8681706_mLet’s say that in trial, your witness will be called adverse and will go through the other side’s cross-examination before getting a chance at your direct.[1]  But in your preparation sessions, you should still take them through your direct examination first. That’s what I call the “flipped” order, and in this post, I aim to make the case for this as the better approach. Most defense attorneys and witness consultants will intuitively follow the opposite order: Because your witness is likely to be called in the other side’s case, you start with cross-examination preparation because that is what happens first. But “preparation” does not mean just replicating the conditions of the actual trial. Instead, it means working to make things better by improving witness confidence and ability. For that, I’ve found that the flipped order is more effective.

Let’s back up and consider the problem from the witness’s perspective. When witnesses are called adverse – a common occurrence for professional liability defendants and some other defendants – it can be a pretty big deal. A little like walking into the lion’s den, their first experience of trial, and the jury’s first experience with them, will be in the face of the restrictive, leading, and accusatory style of cross-examination. Their chance to tell their story, for the most part, is going to have to wait. But when it’s your client, you should do everything possible to make that experience as painless and productive as possible. In that setting, confidence matters. A comfortable witness will have a much better chance of making it through cross-examination without giving up too much substance or credibility. So let me share a few reasons why I think the flipped order is more likely to build confidence.

Direct Examination Preparation Is the Foundation for Cross

Despite what opposing counsel prefers, a good cross performance for adverse witnesses means more than just saying “Yes” or “No.”  Good witnesses will still need to answer in a way that frames their position in the best light. Sometimes the defense attorney will downplay that need, saying “Don’t worry about it in cross, we will fix it later in direct.” But first impressions can be powerful. A good witness in cross — particularly in a cross that comes first — should not just sit there and get punched. A good witness will punch back, politely and without defensiveness, but still firmly. How does your witness know when and with what tools to fight back? Through the messages they learn and develop in direct examination. Preparation for direct examination builds the foundation for a more assertive cross-examination.

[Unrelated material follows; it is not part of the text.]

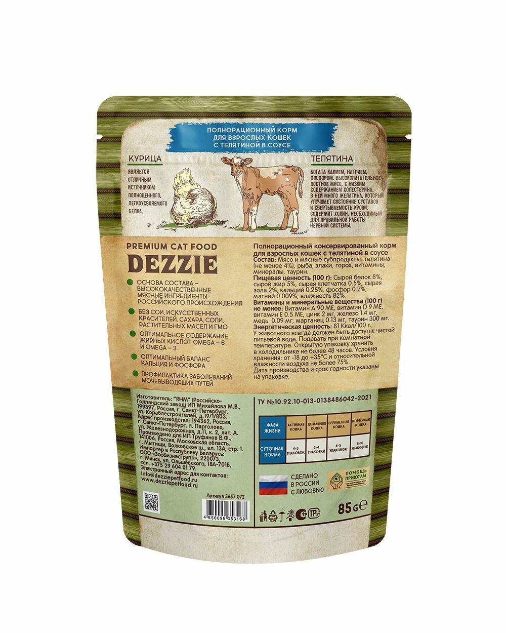 Корм для кошек влажный DEZZIE ADULT CAT (пауч) 12шт - 85г, Телятина в соусе интересное:

Direct Examination Themes Are the ‘Home Base’ for the Witness

Even though cross is conducted on the other side’s turf, the witness’s goal is to bridge back to their own turf as often as possible. Like a politician on a Sunday morning talk show, a good witness should aim to return to their own talking points frequently. Unlike the politician, the witness’s first priority is to answer the question, but the most effective witnesses do so in a way that ends with a transition back to safer ground. For example,  the med-mal defendant might answer the question, “So, you didn’t order the tests, did you?” with “No, I didn’t,” but would do better to answer, “No, I didn’t order those tests because they were not indicated by Ms. Smith’s symptoms at the time.” Because the questioner will not ask whether tests were indicated or not, it will be up to the witness to add that in. A great way to reinforce that habit is through a direct examination that thoroughly covers that content.

Direct Examination Practice Is the Confidence Builder

When a witness is in a position of being called adverse, then chances are there is a certain fragility to their position to begin with. In that context, starting the preparation session with cross-examination sends the message, “You’re accused, you have flaws and weaknesses, and a skilled attorney like me can easily trip you up.” Sometimes there’s a need to send that message. But in my experience, some defense attorneys take a little too much pleasure in showing their witnesses how easily they can be taken down a peg or two. And this demonstration of attorney skill doesn’t fix the underlying problem. Usually, the better message to send is, “You know this – you have a strong position and you made the right decisions.” This is a message that can really only be developed in direct examination.

The broader point may simply be that preparation on direct examination is important, even for the nonadversely called witness. Attorneys are tempted to think, “I am at the helm during this part, so I’m confident that I can control it.” As a result, they will spend more time focusing on the cross, when they’ll be seated at counsel table and their witness will be on the stand and on their own. But if we think about the witness’s mindset, then what matters most is confidence and clarity on message. And the best way to develop both is through a well planned and thoroughly practiced direct examination, whether that occurs first or second in the trial order.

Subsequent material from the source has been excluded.